A word-for-word copy of the data, pictures excluded, is what this task asks for.

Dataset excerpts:
..........

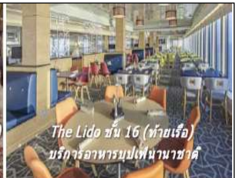
The Lido ชั้น 16 (ท้ายเรือ) บริการอาหารบุฟเฟ่ต์นานาชาติ

หมายเหตุ ทุกท่านสามารถเลือกซื้อแพคเกจเครื่องดื่มได้ ในระหว่างที่อยู่บนเรือ สำราญตลอดการเดินทาง เพียงใช้ CRUISE CARD ในการสั่งซื้อ รายละเอียดของแพ็คเกจสามารถขอได้จากเจ้าหน้าที่บนเรือสำราญ
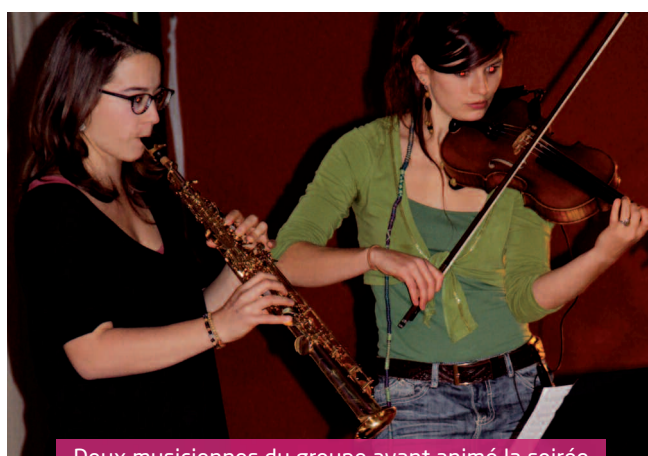
Deux musiciennes du groupe ayant animé la soirée

Que vous soyez comblés et qu'il en soit de même pour tous ceux qui vous sont chers, tout au long de l'année, y compris le 366 ème jour de cette année car 2016 nous offre un jour de plus de bonheur, santé et autres beaux et heureux moments... Profitons-en, profitons de chaque instant ! »
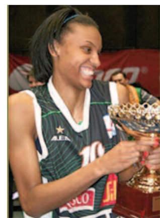
Titul je zpátky v Brně.

Nedůraz v závěrečné čtvrtině stál Pražanky vítězství v prvním i druhém utkání. Moravanky tak za stavu 2:0 na zápasy mohly doma definitivně rozhodnout, klub USK ale ukázal svou sílu a v napínavém duelu urval těsnou výhru 78:74. „V neděli jsme ne-
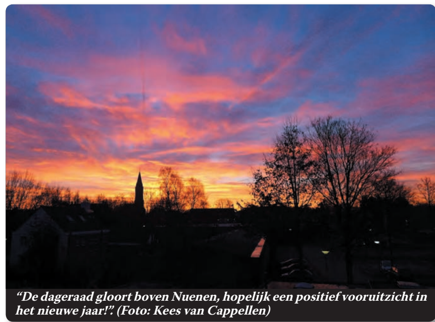
"De dageraad gloort boven Nuenen, hopelijk een positief vooruitzicht in het nieuwe jaar!".
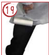
19 ← 左足後ろ
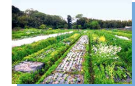
地産地消で食を確保し、農業で稼げる仕組みづくりが重要
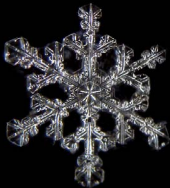
Objectif Sciences - Janvier 2007 - Station de montagne de Prabouré Type: P1h,i
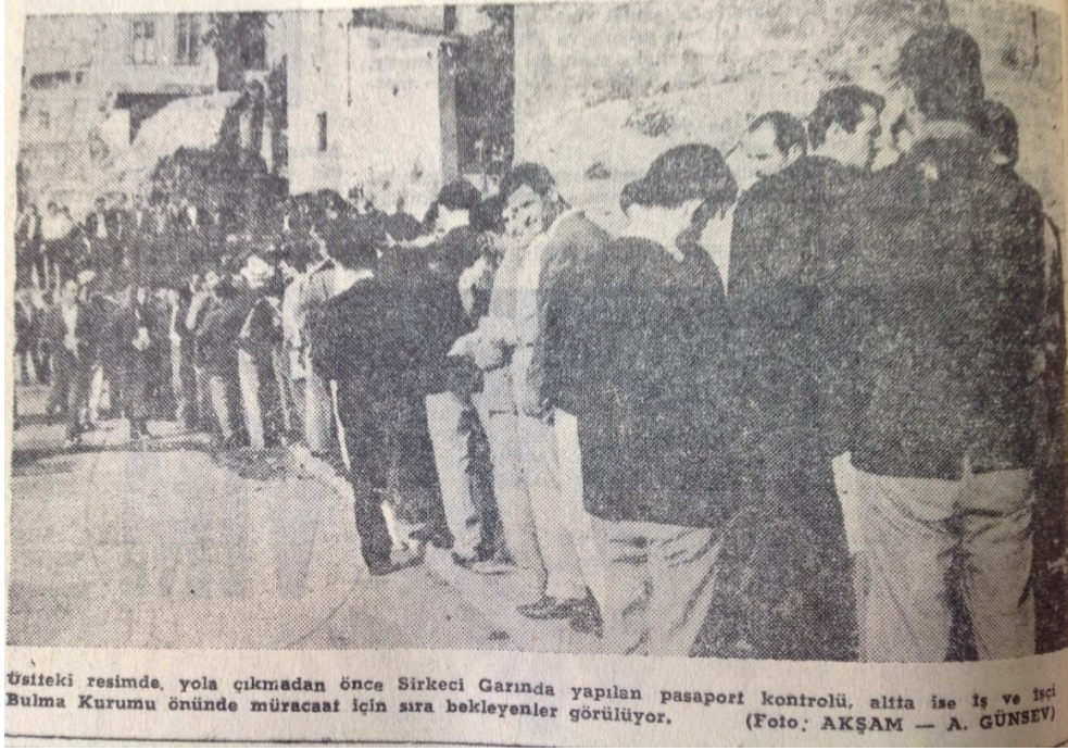
Üstteki resimde, yola çıkmadan önce Sirkeci Garında yapılan pasaport kontrolü, alfta ise iş ve işçi Bulma Kurumu önünde müracaat için sıra bekleyenler görülüyor.
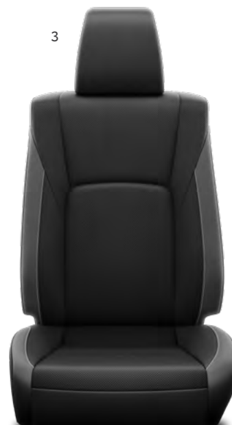
3. Dvobojna perforirana koža Standardno na Invincible
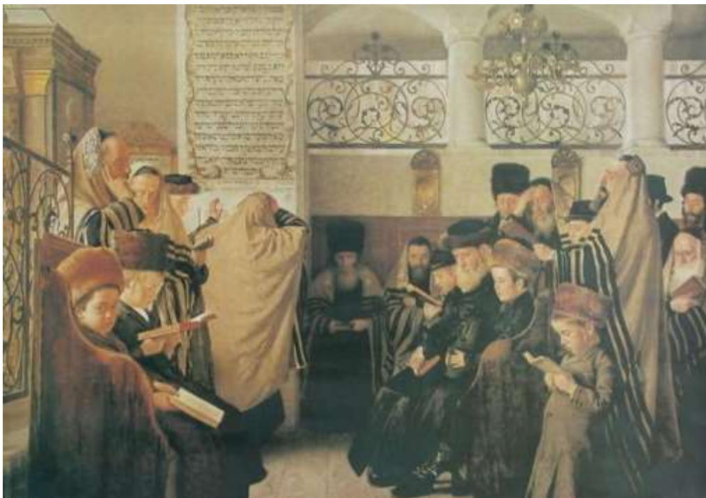
Исидор Кауфманн (1853-1921). Йом Кипур

Некоторые полагают, что этот обычай – память о храмовом служении священников, совершавших его стоя.
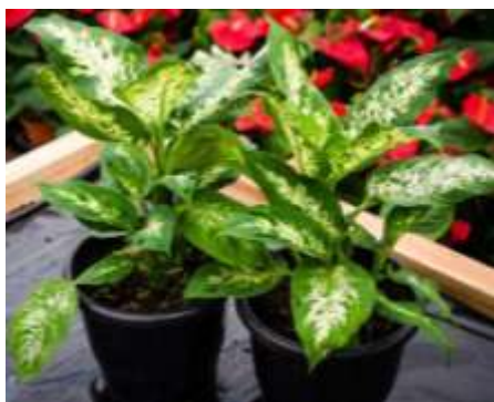
COMIGO NINGUÉM PODE

OBSERVE ABAIXO ALGUMAS PLANTAS QUE NÃO SÃO COMESTÍVEIS:
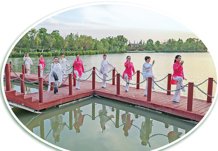
湖畔太极 张罗宝 摄于东台市西溪植物园
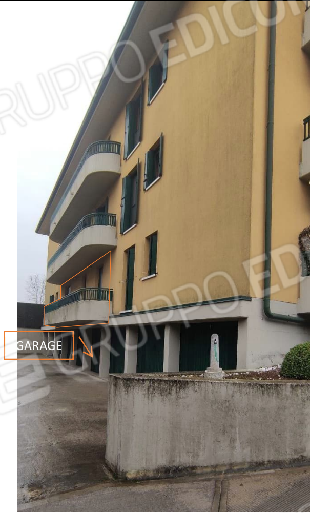
FOTO 2_PROSPETTO NORD_APPARTAMENTO E GARAGE OGGETTO DELL'ESECUZIONE IMMOBILIARE
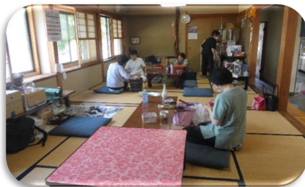
いろいろな物を作っています。 入口のところで作品の販売もしています。 ぜひ、一度見に来てください。
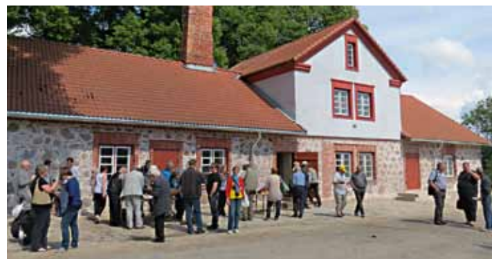
11. juulil 2015 avatud Olustvere Meekoda.

COLOSS kasutab andmete kogumiseks rahvusvaheliselt standardiseeritud meetodeid**, mis võimaldavad eri riikide andmeid ühtsetel alustel võrrelda ja analüüsida. Riskitegurite detailse analüüsi koostamisel võetakse aluseks nii kõnealuse küsimustiku tulemused kui ka teistest riikidest saadud mesilasperede suremust puudutavad andmed.
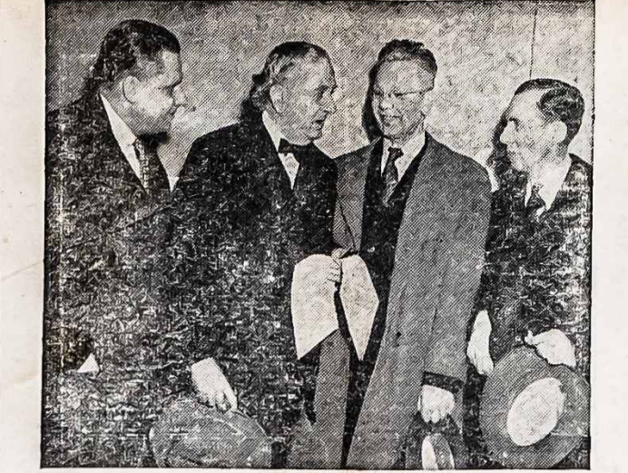
Amerikos Lietuvių Misijos delegatai įteikė A.L.M. Memorandumą, San Francisco Konferencijoje, Amerikos delegacijos nariui, Senatoriui Thos. Connolly, 5/9/45.
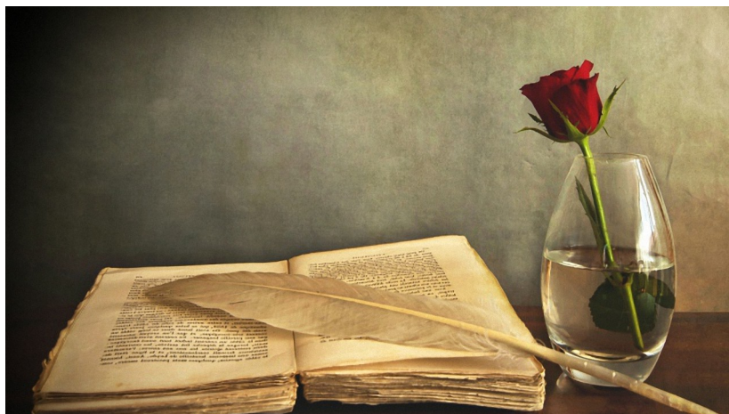
Preuzeto: Semerkand, god. I, br. I I, 2009

Osoba koja je izvučena prije traženja hrane je pitala prijatelje da prije izlaska klanja nafilu namaz. Dok je on klanjao, na vrata je došao čovjek poslan od izaslanika Egipta I prozvaši sve redom, dao im je po vrećicu u kojoj je bilo 50 dinara (zlatni novac) I ovako objasnio: "Dok je naš izaslanik jučer spavao podnevni san, u snu mu je ovako rečeno: 'Znalcima Muhammedima, koji su vrijedni hvale, se stomak zalijepio za leđa od gladi.'" Zbog toga je poslao ove torbice I zakleo se da će čim vam ovo nestane, ako mu javite, opet pomoći.

..........

**Reply**
The Lido ชั้น 16 (ท้ายเรือ) บริการอาหารบุฟเฟ่ต์นานาชาติ

หมายเหตุ ทุกท่านสามารถเลือกซื้อแพคเกจเครื่องดื่มได้ ในระหว่างที่อยู่บนเรือ สำราญตลอดการเดินทาง เพียงใช้ CRUISE CARD ในการสั่งซื้อ รายละเอียดของแพ็คเกจสามารถขอได้จากเจ้าหน้าที่บนเรือสำราญ
Deux musiciennes du groupe ayant animé la soirée

Que vous soyez comblés et qu'il en soit de même pour tous ceux qui vous sont chers, tout au long de l'année, y compris le 366 ème jour de cette année car 2016 nous offre un jour de plus de bonheur, santé et autres beaux et heureux moments... Profitons-en, profitons de chaque instant ! »
Titul je zpátky v Brně.

Nedůraz v závěrečné čtvrtině stál Pražanky vítězství v prvním i druhém utkání. Moravanky tak za stavu 2:0 na zápasy mohly doma definitivně rozhodnout, klub USK ale ukázal svou sílu a v napínavém duelu urval těsnou výhru 78:74. „V neděli jsme ne-
"De dageraad gloort boven Nuenen, hopelijk een positief vooruitzicht in het nieuwe jaar!".
19 ← 左足後ろ
地産地消で食を確保し、農業で稼げる仕組みづくりが重要
Objectif Sciences - Janvier 2007 - Station de montagne de Prabouré Type: P1h,i
Üstteki resimde, yola çıkmadan önce Sirkeci Garında yapılan pasaport kontrolü, alfta ise iş ve işçi Bulma Kurumu önünde müracaat için sıra bekleyenler görülüyor.
3. Dvobojna perforirana koža Standardno na Invincible
Исидор Кауфманн (1853-1921). Йом Кипур

Некоторые полагают, что этот обычай – память о храмовом служении священников, совершавших его стоя.
COMIGO NINGUÉM PODE

OBSERVE ABAIXO ALGUMAS PLANTAS QUE NÃO SÃO COMESTÍVEIS:
湖畔太极 张罗宝 摄于东台市西溪植物园
FOTO 2_PROSPETTO NORD_APPARTAMENTO E GARAGE OGGETTO DELL'ESECUZIONE IMMOBILIARE
いろいろな物を作っています。 入口のところで作品の販売もしています。 ぜひ、一度見に来てください。
11. juulil 2015 avatud Olustvere Meekoda.

COLOSS kasutab andmete kogumiseks rahvusvaheliselt standardiseeritud meetodeid**, mis võimaldavad eri riikide andmeid ühtsetel alustel võrrelda ja analüüsida. Riskitegurite detailse analüüsi koostamisel võetakse aluseks nii kõnealuse küsimustiku tulemused kui ka teistest riikidest saadud mesilasperede suremust puudutavad andmed.
Amerikos Lietuvių Misijos delegatai įteikė A.L.M. Memorandumą, San Francisco Konferencijoje, Amerikos delegacijos nariui, Senatoriui Thos. Connolly, 5/9/45.
Preuzeto: Semerkand, god. I, br. I I, 2009

Osoba koja je izvučena prije traženja hrane je pitala prijatelje da prije izlaska klanja nafilu namaz. Dok je on klanjao, na vrata je došao čovjek poslan od izaslanika Egipta I prozvaši sve redom, dao im je po vrećicu u kojoj je bilo 50 dinara (zlatni novac) I ovako objasnio: "Dok je naš izaslanik jučer spavao podnevni san, u snu mu je ovako rečeno: 'Znalcima Muhammedima, koji su vrijedni hvale, se stomak zalijepio za leđa od gladi.'" Zbog toga je poslao ove torbice I zakleo se da će čim vam ovo nestane, ako mu javite, opet pomoći.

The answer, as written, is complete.